Отношение к «И цзин» как к сокровищнице мировых тайн отражено в поэзии Мын цзяо, в многочисленных одах, суть которых выражена в известном восклицании философа и литератора, основоположника неоконфуцианства Чжоу Дунь-И (1017 -1073): «О, как величественна Книга Перемен! В ней источник сущности и рока». Вероятно, отводя многочисленные упреки «И цзин» в её загадочности и недоступности, Су Сюнь (1009-1066) говорит о необходимости присутствия в ее текстах символического иносказания. «Однако то, что ясно – легко постижимо, то, что легко постижимо – профанируется, а то, что профанируется, - легко может быть отринуто. Совершенномудрый человек боялся, что его учение будет отринуто, и Поднебесная вернется к хаосу. И вот тогда он создал Перемены. Рассмотрев образы неба и земли по ним, он построил отдельные черты; вникнув в изменчивость сил тьмы и света, по ней он построил гексаграммы; обдумав устремления демонов и духов, по ним он построил афоризмы. И вот люди в юности начинали изучать Перемены, но и с побелевшей головой не достигали ее истоков. Поэтому в Поднебесной взирали на совершенномудрого человека, как на глубины духов, как на высоты неба, чтили этого человека и вслед за этим чтили и его учение».[34]

Ученый-энциклопедист, философ и комментатор канонических произведений конфуцианства, глава неоконфуцианцев Чжу Си[35] (1130-1200) обратил внимание на мало разработанное в наших исследованиях по истории восточной философии понятие «Великий Предел», разделяющий и объединяющий Инь и Ян. При этом говоря о своем открытии, он прибегает к символическому образу порванных завязок, означающему глубокое и старательное изучение Книги.

Пусть я вникаю в книгу позже, чем удвоение триграмм,

Чтоб видеть век до их созданья,

препятствий нет моим глазам.

И понял я Предел Великий: в нем обе Формы коренятся.

На книге кожаным завязкам теперь как раз пора порваться. [36]

Поэзия запечатлела и мысль о необходимости комментария, отсылающую, так же, как и символ порванных кожаных завязок, к образу Конфуция.

 

 В Переменах ясный смысл в образах заложен.

Но никто в одних чертах вскрыть его не сможет.

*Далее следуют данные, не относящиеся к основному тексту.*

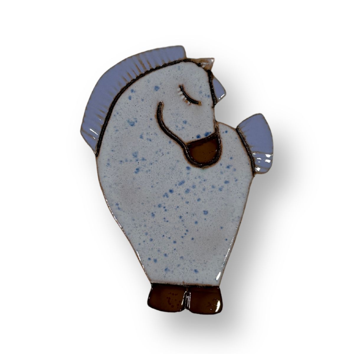 Piękny magnes na lodówkę z motywem konia w kolorze szarym z niebieską grzywą. Może być idealnym prezentem dla każdego miłośnika koni.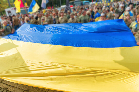 People with Ukrainian flag

Кто не знает смысла черт, тот толкует всуе:

Точно он незримый вихрь красками рисует.

                                           (Цю Чэн (XII в. н.э.)[37]  

 

Таким образом,  к обусловленным традицией и «сплавом» трёх учений (конфуцианство, даосизм и буддизм) общим эстетическим принципам, характерным для всех видов искусства Древнего Китая и имеющим яркое воплощение в поэзии, живописи и музыке относятся:

- единство этического и эстетического, характерное для всех древних
культур;

- особая, имеющая глубокий философский смысл, «пейзажность» восприятия и выражения, связывающая воедино все «три учения» и  гармонизирующая как внутренний мир человека, так и его отношения с другими людьми и природой;

- импровизационность как творческий порыв и способ существования
искусства (также характерна для многих культур древности);

- предельная конкретность и предельная обобщенность образа,
особенно наглядно выраженная в поэзии и пейзажной живописи и составляющая один из главных творческих приемов;

- необходимая для религиозного искусства каноничность как основа творчества и его модель, исключающая отношение к искусству только как к самовыражению;

- особый характер эстетических категорий (мэй – прекрасное, Дао-
Путь, гармония Ян – Инь, «четыре благородных», «пустотность», «техника морщин» и др.).

 

                              Категории прекрасного и гармонии.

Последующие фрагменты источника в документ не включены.